California had the outlook on $75.4 billion of general obligations raised to positive from stable by Standard & Poor’s, which said Governor Jerry Brown’s plan to pay down debt and build reserves may lead to an upgrade.
Brown’s proposed budget, released last week, builds upon improvements in the state’s finances in recent years, the rating company said in a report today.
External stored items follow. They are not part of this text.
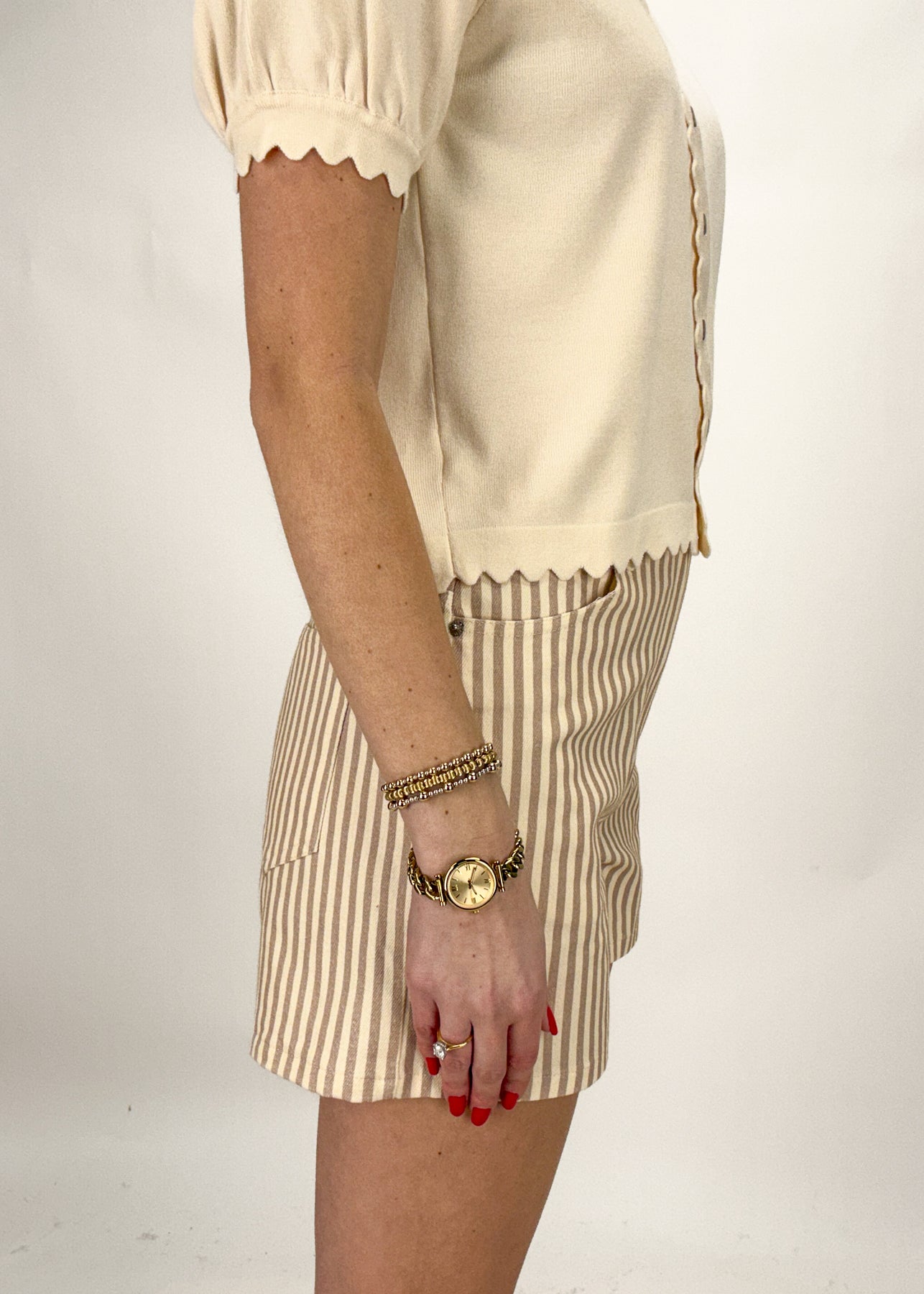 Looking for a neutral yet fun short? Look no further! These shorts come in a tan and brown striped combo that are perfect for styling with a graphic tee or a fun sweater.
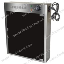 Країна Китай.   Габарити: 500x150x615мм. Метод обробки: ультрафіолет. Корпус виконаний з нержавіючої сталі, дверцята з пластику. Місткість: 12 ножів. Час обробки до 60хв. Потужність 10Вт. Напруга 220В. Вага: 5,5кг. ...
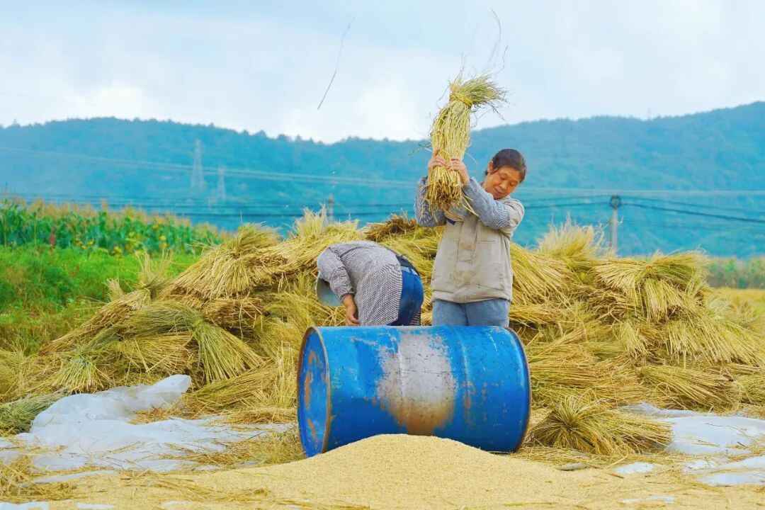 正在自家院坝晾晒稻谷的罗清麦笑着说:“我家的稻谷都打完了,要趁这几天气候好,把它晾晒干,留点下来吃,其它的都卖掉。”
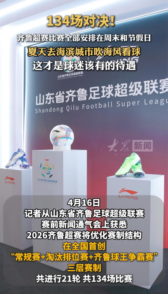 134场对决!齐鲁超赛比赛全部安排在周末和节假日大众新闻客户端 昨天22:06原创4月16日,记者从山东省齐鲁足球超级联赛赛前新闻通气会上获悉,2026齐鲁超赛将优化赛制结构,在全国首创“常规赛+淘汰排位赛+齐鲁球王争霸赛”三层赛制,共进行21轮共134场比赛,赛事均安排在周末及法定节假日举行,避开中高考、省运会开闭幕式及中超联赛山东球队主场日。夏季部分赛事安排在青岛、烟台、日照等海滨城市,兼顾比赛质量与观赛体验,真正方便市民、方便球迷。(大众新闻记者 荆新年 宫小昀 王建)
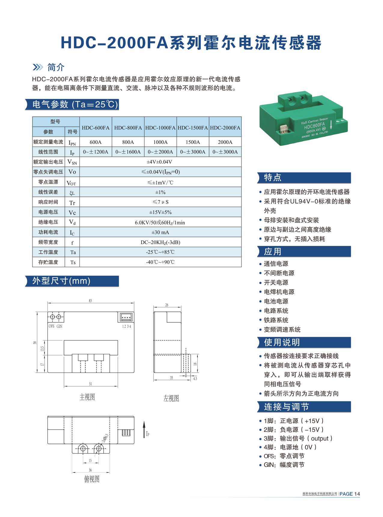 HDC-600FA系列霍爾電流傳感器是應(yīng)用霍爾效應(yīng)原理的新一代電流傳感器,能在電隔離條件下測量直流、交流、脈沖以及各種不規(guī)則波形的電流。

If lawmakers pass a spending plan with the governor’s provisions, California’s credit could rise one step, to A+, within two years, the company said.
The positive outlook “is an extension of the much stronger approach to fiscal management that the state has followed in the last three years,” Gabriel Petek, an S&P analyst based in San Francisco, said by telephone. “It puts the state in a position where it could be looking like a higher-rated credit.”
Brown last week proposed a record $106.8 billion budget as the coffers of the most populous U.S. state brim with the biggest surplus in more than a decade. The 75-year-old Democrat, who may seek another term this year, called for an 8.5 percent increase from current spending, with $11 billion to pay off loans that papered over previous deficits, and $1.6 billion in reserves, while increasing funds for schools, welfare and health care for the poor.
“This is another reflection by the financial markets that the governor is continuing to make fiscal progress,” H.D. Palmer, a spokesman for Brown’s budget office, said in a telephone interview.
Brown also said he’ll back a constitutional amendment to stockpile unpredictable revenue from capital-gains taxes and deal with predicted shortfalls in public pensions.
“This year the news is very good, but by no means are we out of the wilderness yet,” the governor said at a Jan. 9 briefing. “We must be very prudent in how we spend public funds.”
More bonds traded today from California and its localities than those of any other state, according to data compiled by Bloomberg. Dealers sold more securities to clients than they bought, signaling stronger demand to own the debt.
Tax-exempt California general-obligation bonds maturing in November 2027 extended gains after the outlook change. The debt changed hands at an average yield of 3.62 percent, the lowest since Nov. 1, data compiled by Bloomberg show.
“It properly recognizes the significant progress California has made in its fiscal practices,” said Tom Dresslar, a spokesman for California Treasurer Bill Lockyer. “It reinforces the importance of adopting a fiscal year budget that ends up looking a lot like the governor’s plan.”